Effect of patent filing on gene characterization.
Since applications for patents on DNA sequences became common practice in the early 1990's , critics have raised a number of objections against the patenting of biological material. The debate has remained vivid to the current day , . The question whether, and to what extent, patenting of genes impacts academic science has remained a topic of controversy. To follow functional annotation progress of patented versus non-patented genes since 2001, we applied the GCI scoring system to all patented and non-patented genes and followed the fate of the different groups up to September 2007, 6 years after the release of the first draft of the human genome sequence. From NCBI's patented sequence database, we extracted 11278 patented genes, applied the GCI scoring system based on both GeneLynx release 0.9 (May 2001) and Entrez Gene release September 2007 and compared the GCI score distribution for the 2 time points. In the same way, we extracted 20867 non-patented genes from GeneLynx 0.9 and 19331 non-patented genes from Entrez Gene September 2007 and compared the score distributions between the 2 genome releases. It should be noted that there have been fluctuations in the mappings of cDNAs to genes in successive genome releases accounting for the slight variations in the number of genes in the different groups between 2001 and 2007. For patented genes in 2001, 93% of GCI scores spanned across the low to medium part of the scale (GCI<7.5), with merely 7% clustering at the high end (GCI≥7.5) (Figure 5). In 2007, however, the centre of the distribution was shifted from low (GCI = 1.5–2.4) to medium high scores (GCI = 6.5–7.4), with over 36% of genes ranking above 7.4. In 2007, there were only 1.3% of patented genes left scoring below 3.5. By dividing the genes into bins, it became apparent that over 40% of patented genes had climbed up the scale from the low GCI bin, with the highest increase for the high GCI bin (Table 6).

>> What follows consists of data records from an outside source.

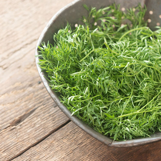 Atractivo cilantro parecido a un helecho, ideal para la producción de hojas tiernas.
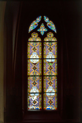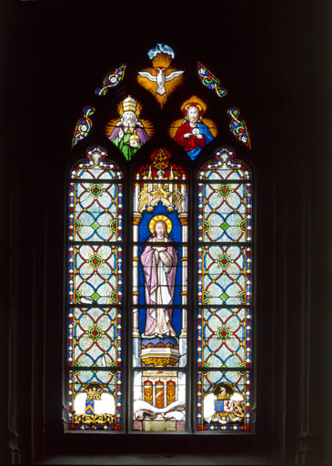 Les verrières 1, 2, 3 ont été données par Alexandre Adam, posées en 1868, exécutées par Julien-Stépane Bazin, verrier à Mesnil-Saint-Firmin, Oise. Au bas des verrières 1 et 3, décorations décernées à Alexandre Adam. La verrière 4 a été posée en 18 (.), exécutée par M. Bazin ; au bas des verrières se trouvent des armoiries (partiellement détruites) de Morel de Bonicourt, de Belvalet d'Humeroeuille, de Dument de Gourset.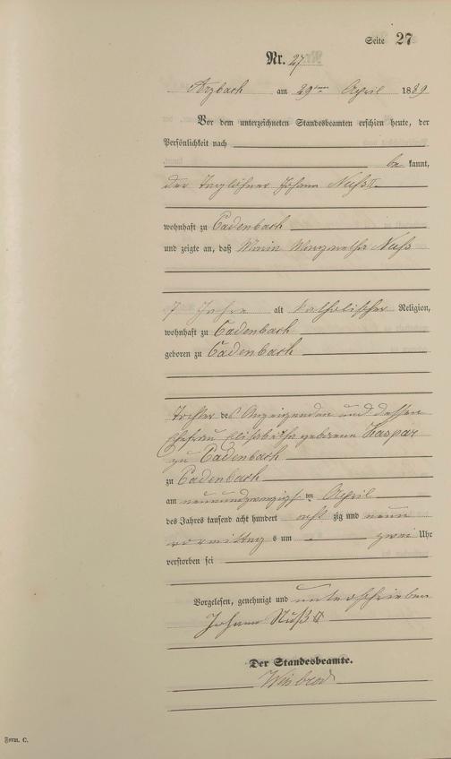 Sterberegister 1889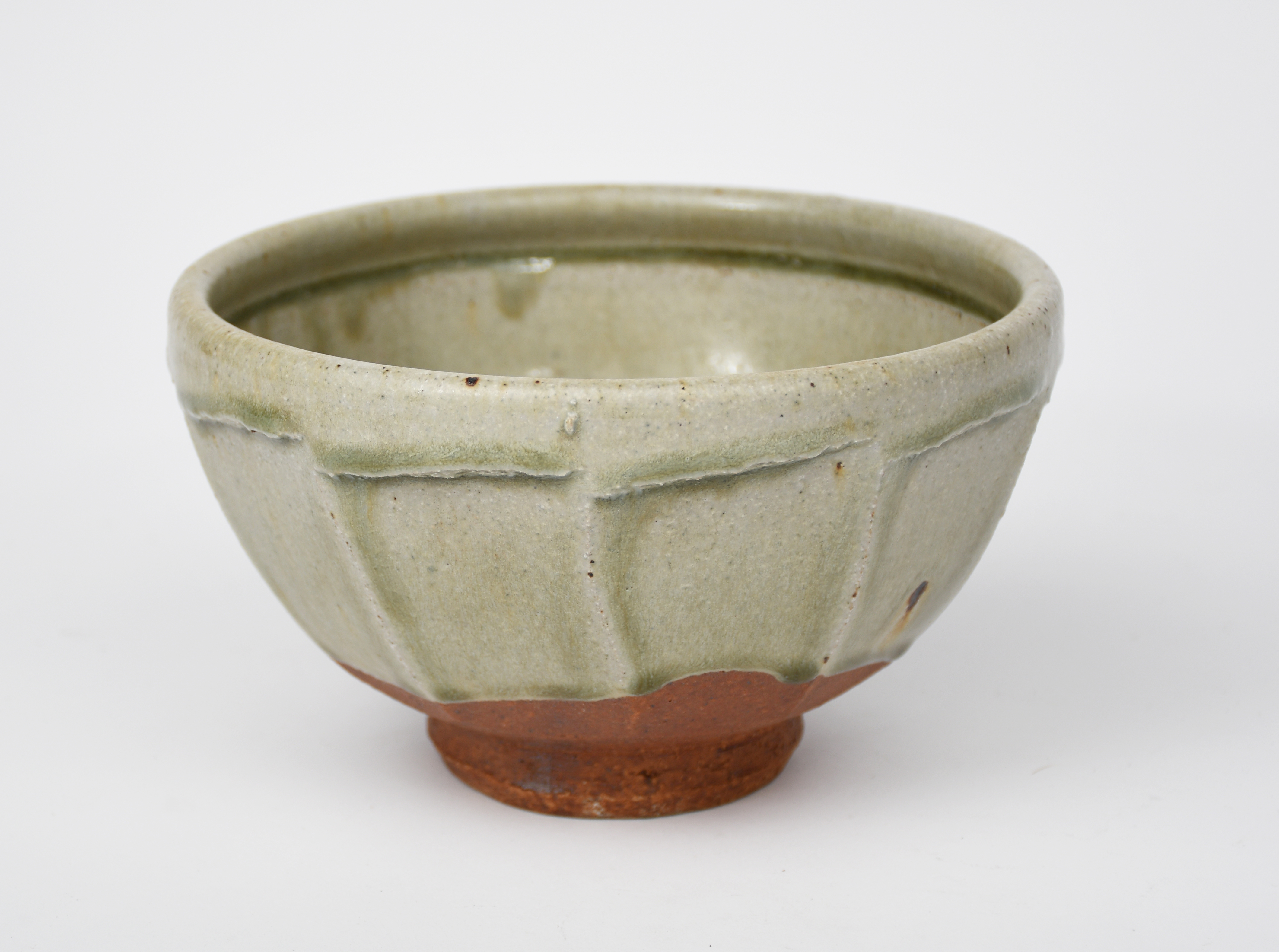 a cut-sided stoneware bowl, covered to the foot with an ash glaze,

Histogram presenting substantial differences in annotation progress between patented and non-patented genes. Fluctuating gene numbers due to changes in genome annotations and transcript mappings.
The evolution for the GCI distribution for non-patented genes was markedly different. As illustrated in Figure 5, in 2001 over 90% of all non-patented genes clustered at scores below 3.5, with less than 1% reaching the high end of the scale (GCI≥7.5). In September 2007, this distribution had not notably changed with over 75% of genes remaining at the low end of the scale (GCI<3.5). The majority of genes that had left the low GCI bin had moved to the medium GCI bin, and not to the high GCI bin as observed for patented genes (Table 6). Also, a fraction of the genes originally in the low score bin had been removed all together (1535 genes), likely due to genome reannotations.
Accessing the Gene Characterization Index
Users may access the GCI at http://www.cisreg.ca/gci/, where they can search for the functional characterization level of their favorite gene, browse for genes with specific annotation levels, choose random genes and further explore the system. After searching with the gene name, Entrez Gene ID or free text, the GCI scoring system returns the GCI score for the searched gene, as well as links to various data sources underlying the computed score (Figure 6). It is also possible to search for genes in bulk, where the GCI scoring system accepts lists of genes with Entrez Gene IDs and returns scores for all genes from the list. For scientists interested in comparing their own perception to the automated scores, they may perform a blinded test. A randomly selected set of 10 genes will be displayed and the user may assign their own scores. After assignments are submitted, a comparison report is generated. Scores submitted through this process will be used as training data for future releases of GCI (to reflect temporal shifts in human perception of what constitutes a well-characterized gene). Finally, users may download the entire set of scores, as well as access the data and Supplementary Material described in this manuscript.
We have introduced a novel bioinformatics procedure to quantitate the functional characterization of each protein-encoding human gene. Based on a reference collection of characterization scores assigned by diverse life scientists, we trained a classification function to predict scores depending on functional annotations in the Entrez Gene database. Using a MARS classifier that performed well in cross-validation, we were able to assign characterization scores to all human genes.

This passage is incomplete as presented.